What to produce »
Repeat the data exactly, so that every line matches the original.

Supplied information »
________________

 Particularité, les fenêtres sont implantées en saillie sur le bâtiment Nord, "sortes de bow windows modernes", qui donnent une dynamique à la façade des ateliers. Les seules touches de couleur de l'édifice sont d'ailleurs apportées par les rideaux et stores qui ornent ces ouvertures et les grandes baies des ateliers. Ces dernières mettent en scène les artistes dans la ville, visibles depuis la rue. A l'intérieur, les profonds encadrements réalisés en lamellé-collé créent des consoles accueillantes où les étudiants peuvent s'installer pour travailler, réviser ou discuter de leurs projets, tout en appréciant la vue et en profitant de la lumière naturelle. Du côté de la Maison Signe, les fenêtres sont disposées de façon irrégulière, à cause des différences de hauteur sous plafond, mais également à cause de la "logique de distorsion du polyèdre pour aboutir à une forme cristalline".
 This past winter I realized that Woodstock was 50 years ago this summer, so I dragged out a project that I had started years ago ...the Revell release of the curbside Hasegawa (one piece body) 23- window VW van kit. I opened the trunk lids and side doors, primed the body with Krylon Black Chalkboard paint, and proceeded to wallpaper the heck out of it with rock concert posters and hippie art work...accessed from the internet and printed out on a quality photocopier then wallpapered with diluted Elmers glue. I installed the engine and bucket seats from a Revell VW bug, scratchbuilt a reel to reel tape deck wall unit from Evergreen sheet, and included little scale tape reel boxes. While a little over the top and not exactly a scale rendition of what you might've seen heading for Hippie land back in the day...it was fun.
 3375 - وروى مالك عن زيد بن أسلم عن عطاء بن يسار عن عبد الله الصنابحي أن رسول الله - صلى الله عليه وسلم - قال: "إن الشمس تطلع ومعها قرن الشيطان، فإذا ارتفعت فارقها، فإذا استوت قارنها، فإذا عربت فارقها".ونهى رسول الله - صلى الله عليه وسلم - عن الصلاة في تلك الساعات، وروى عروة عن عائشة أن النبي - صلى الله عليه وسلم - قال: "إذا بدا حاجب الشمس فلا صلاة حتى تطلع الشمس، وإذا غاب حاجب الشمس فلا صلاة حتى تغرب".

________________

Exercise response »
 Particularité, les fenêtres sont implantées en saillie sur le bâtiment Nord, "sortes de bow windows modernes", qui donnent une dynamique à la façade des ateliers. Les seules touches de couleur de l'édifice sont d'ailleurs apportées par les rideaux et stores qui ornent ces ouvertures et les grandes baies des ateliers. Ces dernières mettent en scène les artistes dans la ville, visibles depuis la rue. A l'intérieur, les profonds encadrements réalisés en lamellé-collé créent des consoles accueillantes où les étudiants peuvent s'installer pour travailler, réviser ou discuter de leurs projets, tout en appréciant la vue et en profitant de la lumière naturelle. Du côté de la Maison Signe, les fenêtres sont disposées de façon irrégulière, à cause des différences de hauteur sous plafond, mais également à cause de la "logique de distorsion du polyèdre pour aboutir à une forme cristalline".
 This past winter I realized that Woodstock was 50 years ago this summer, so I dragged out a project that I had started years ago ...the Revell release of the curbside Hasegawa (one piece body) 23- window VW van kit. I opened the trunk lids and side doors, primed the body with Krylon Black Chalkboard paint, and proceeded to wallpaper the heck out of it with rock concert posters and hippie art work...accessed from the internet and printed out on a quality photocopier then wallpapered with diluted Elmers glue. I installed the engine and bucket seats from a Revell VW bug, scratchbuilt a reel to reel tape deck wall unit from Evergreen sheet, and included little scale tape reel boxes. While a little over the top and not exactly a scale rendition of what you might've seen heading for Hippie land back in the day...it was fun.
 3375 - وروى مالك عن زيد بن أسلم عن عطاء بن يسار عن عبد الله الصنابحي أن رسول الله - صلى الله عليه وسلم - قال: "إن الشمس تطلع ومعها قرن الشيطان، فإذا ارتفعت فارقها، فإذا استوت قارنها، فإذا عربت فارقها".ونهى رسول الله - صلى الله عليه وسلم - عن الصلاة في تلك الساعات، وروى عروة عن عائشة أن النبي - صلى الله عليه وسلم - قال: "إذا بدا حاجب الشمس فلا صلاة حتى تطلع الشمس، وإذا غاب حاجب الشمس فلا صلاة حتى تغرب".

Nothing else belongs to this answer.